Estamos no ano 303 onde os cristãos são perseguidos por que rejeitavam
os deuses do Império Romano e o culto ao imperador. O combate aos
cristãos com o imperador Diocleciano ficou mais sangrento.
São Sebastião, Soldado do Império
O lugar de nascimento de Sebastião foi Narbone ou, como seus pais, a
cidade de Milão, onde já era venerado no tempo de Santo Ambrosio, no
século I V . Esta veneração, menos de um século após seu martírio, é a
grande prova de sua existência, martírio e importância nas comunidades
cristãs.
Ambrosio, antes de ser bispo de Milão, tinha sido prefeito: venera em
Sebastião um representante do Império ao qual tinha servido como soldado:
Sebastião no tempo da perseguição, Ambrosio, no tempo da liberdade.
No Império romano, uma das carreiras mais importantes era a militar e
isso tanto do ponto de vista econômico como de prestígio. Ganhava-se o
sustento e a fama da coragem. Sebastião iniciou o serviço militar na
Gália, importante província do Império.Ali havia uma pequena, mas
corajosa comunidade cristã e nela o jovem soldado foi instruído e
batizado.
Roma era o sonho de todo o cidadão do Império, era a Capital, quase
divina, onde residiam os deuses, a cultura, o Senado e o Imperador. A
cidade imperial foi o destino do soldado Sebastião, por volta do ano
283. Aproveita a resistência em Roma para confortar os cristãos
duramente perseguidos e animar a perseverar em na fé aqueles que, sendo
interrogados e ameaçados, estavam por fraquejar.
Continua a Perseguição aos Cristãos
Diocleciano sempre atribuiu aos cristãos a culpa pelos problemas do
Império, sendo assim hostil a essa fé religiosa à qual atribuía as
crises no mundo romano. Vimos qie desencadeou nova onda de perseguições,
a mais terrível e geral. Tanto o papa Caio como Zoe e Tranqülino, pai de
Marceliano e Marcos, esconderam-se no palácio imperial, nos aposentos do
oficial cristão Cástulo. Descobertos, foram condenados à morte. Zoe foi
pendurada pelos calcanhares sobre o fogo, morrendo sufocada pela fumaça,
e Tranqüilino foi apedrejado até a morte. O outro cristão, após longa
tortura, foram lançados ao mar. Cástulo foi enterrado vivo.

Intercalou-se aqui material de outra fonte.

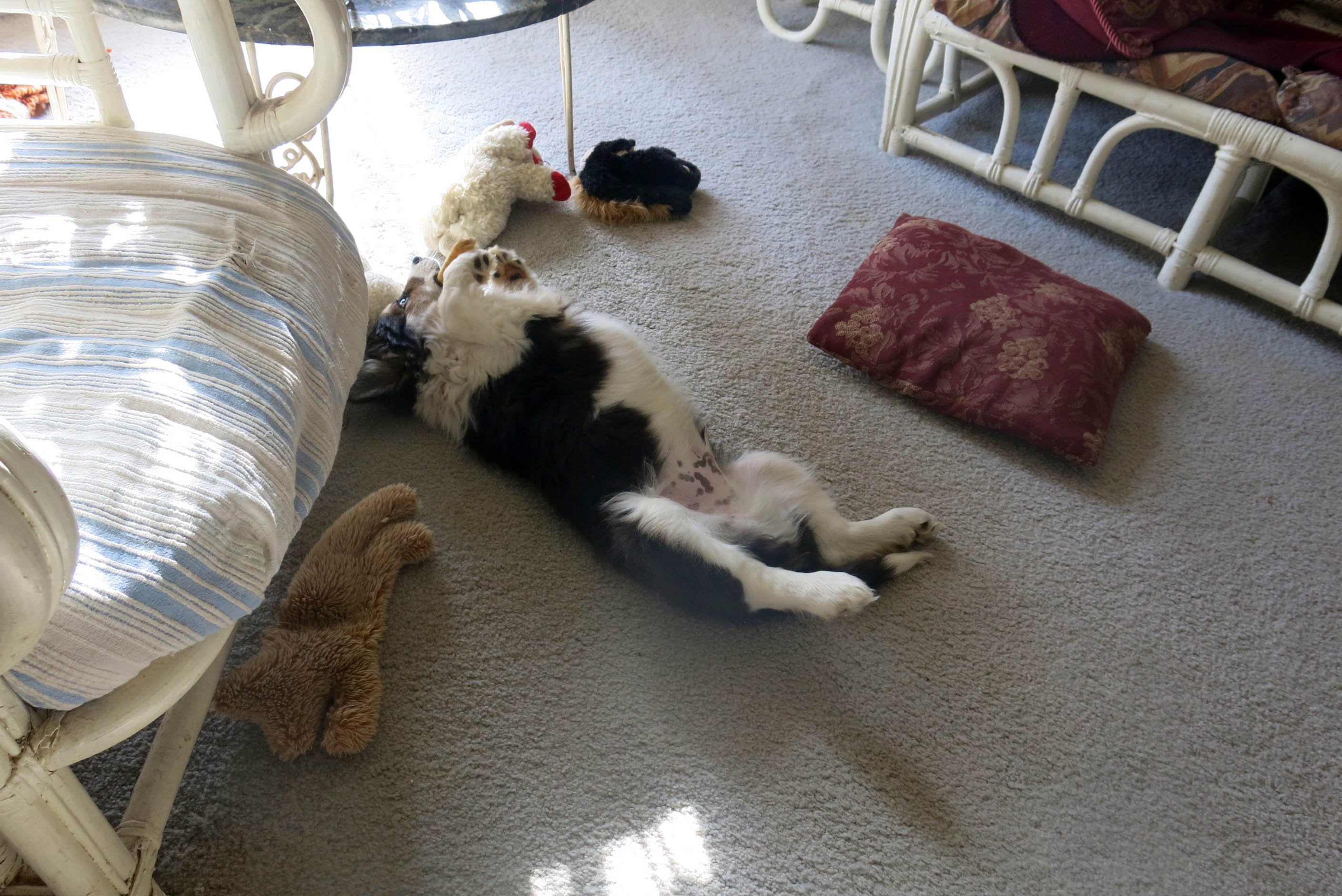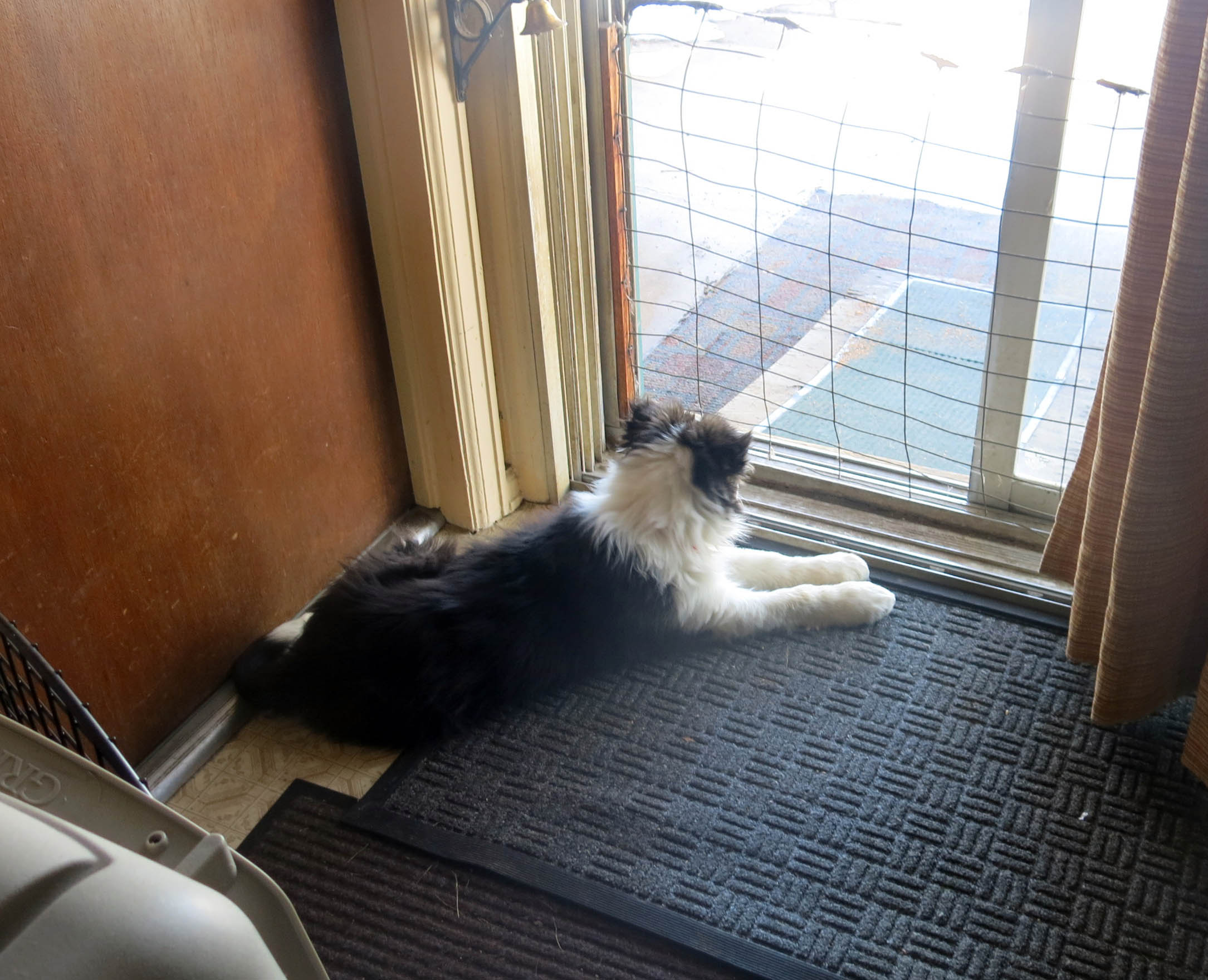 I lay at the back door, in a yearning sort of way. That gate was made to keep purebred border collies out of the house, which I can hardly imagine anyone wanting to do, but I guess in “the old days” there were issues with muddy paws. And now, for the time being anyway, it keeps me inside, but I still get to look at stuff, and we get lots of fresh air.

Sebastião foi acusado diante do imperador, que se queixou amargamente
por ter-se sentido traído na confiança depositada. Sempre quis que você
ocupasse postos elevados no meu palácio, mas você agiu em segredo contra
meus interesses e insulta os deuses, queixou-se o imperador, ao que lhe
respondeu Sebastião: Foi para sua salvação que honrei Cristo, e é pela
conservação do Império Romano que sempre adorei o Deus que está nos céus.

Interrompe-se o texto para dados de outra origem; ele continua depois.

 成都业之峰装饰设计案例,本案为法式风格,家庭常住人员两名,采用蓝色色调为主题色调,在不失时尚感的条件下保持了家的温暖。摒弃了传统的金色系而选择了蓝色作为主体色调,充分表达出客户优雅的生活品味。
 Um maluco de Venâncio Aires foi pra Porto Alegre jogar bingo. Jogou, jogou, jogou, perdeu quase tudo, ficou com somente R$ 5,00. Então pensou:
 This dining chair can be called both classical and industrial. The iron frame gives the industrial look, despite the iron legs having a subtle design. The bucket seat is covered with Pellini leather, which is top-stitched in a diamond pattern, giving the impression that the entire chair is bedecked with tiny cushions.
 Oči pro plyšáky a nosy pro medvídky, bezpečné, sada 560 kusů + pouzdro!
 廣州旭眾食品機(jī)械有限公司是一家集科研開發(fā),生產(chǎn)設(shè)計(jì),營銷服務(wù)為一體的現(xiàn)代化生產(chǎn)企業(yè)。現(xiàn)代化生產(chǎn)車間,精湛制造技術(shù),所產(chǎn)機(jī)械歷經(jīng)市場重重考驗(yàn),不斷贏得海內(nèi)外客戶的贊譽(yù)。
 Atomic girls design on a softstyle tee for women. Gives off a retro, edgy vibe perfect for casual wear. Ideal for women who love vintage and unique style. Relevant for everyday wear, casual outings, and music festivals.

Foi Sebastião entregue a um grupo de arqueiros da Mauritânia, para que
se divertissem atirando flechas mirando em seu corpo. Amarrado a um
tronco, foi crivado de flechas e depois abandonado como morto para ser
devorado pelos abutres, conforme o costume. Uma cristã, Irene, em
segredo, foi retirar o corpo de Sebastião a fim de dar-lhe sepultura
digna e, para surpresa sua, viu que estava vivo! Reconhecido, teve as
feridas tratadas.
Poderíamos pensar que o ex-centurião da guarda pretoriana fugiria para
lugares mais seguros, mas não foi o que aconteceu. Sebastião, livre
agora de outros trabalhos, pôs-se a confirmar os cristãos na coragem de
viver em tempos difíceis e levar outros a crerem em Jesus. Tendo
recebido a noticia de que Sebastião estava vivo e continuando a provocar
os deuses, Diocleciano ordenou que o aprisionassem e condenou-o a ser
espancado até a morte, decapitado e seu corpo fosse lançado numa fossa.

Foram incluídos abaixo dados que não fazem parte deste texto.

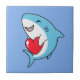 Cute Happy Blue Shark Holding a Red Heart Tile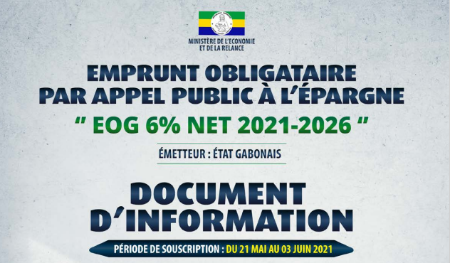 Le ministère de l’Economie et de la Relance informe le public de la clôture de l’opération d’emprunt obligataire par appel public sur le marché financier de la sous-région dénommé « EOG 6% NET 2021-2026 » lancée le 28 mai dernier à Libreville.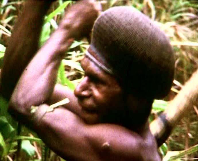 Film van pater Jules Camps OFM, opgenomen in de jaren '70 in zijn werkterrein in het bergland van Irian Jaya. Beelden van het slijpen van een bijlsteen en het omhakken van een boom.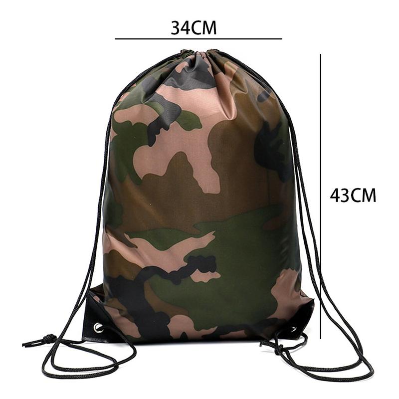 Camouflage ryggsäck med dragsko - 210D polyester sport- och gympapåse för camping, vandring och resor utomhus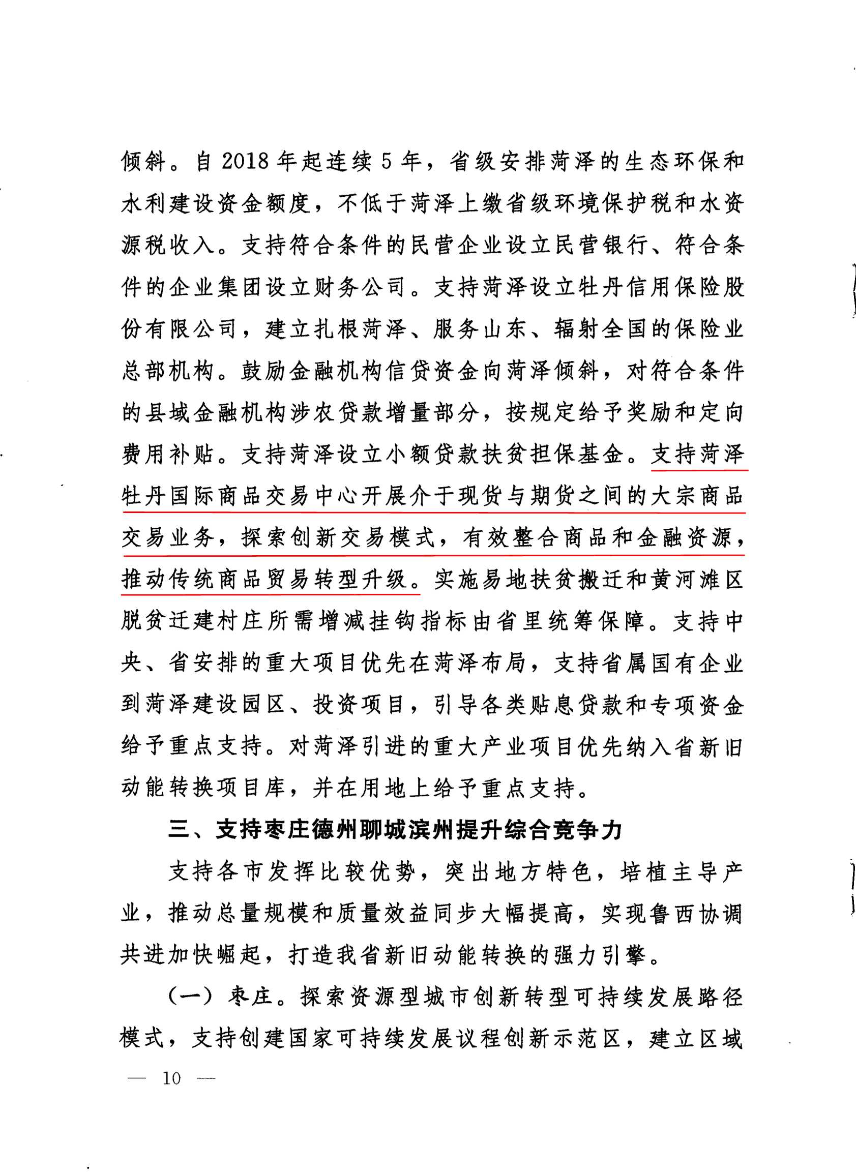 山東省委、山東省人民政府支持牡丹國際商品交易中心開展介于現(xiàn)貨與期貨之間的大宗商品交易業(yè)務(wù)

Sabendo do ocorrido através de uma visão, a cristã Lucina descobriu onde
estava o corpo, foi busca-lo e sepultou-o no lugar chamado de “ad
catacumbas” , na Via Ápia. Nessas Catacumbas, fora dos muros da cidade
de Roma, em 288 tinham sido exumadas as relíquias dos apóstolos Pedro e
Paulo. E Ali, o apóstolo dos mártires foi também sepultado. Corriam os
primeiros anos do século IV, talvez o ano 303-304, quando São Sebastião
deu a vida por Nosso Senhor e tornou-se definitivamente soldado de
Cristo.
Seu túmulo tornou-se local de culto cristão e, em 367, o Papa Damaso fez
construir sobre ele uma igreja, até hoje local de muitas peregrinações.
Que São Sebastião nosso Padroeiro e Protetor olhe por nós!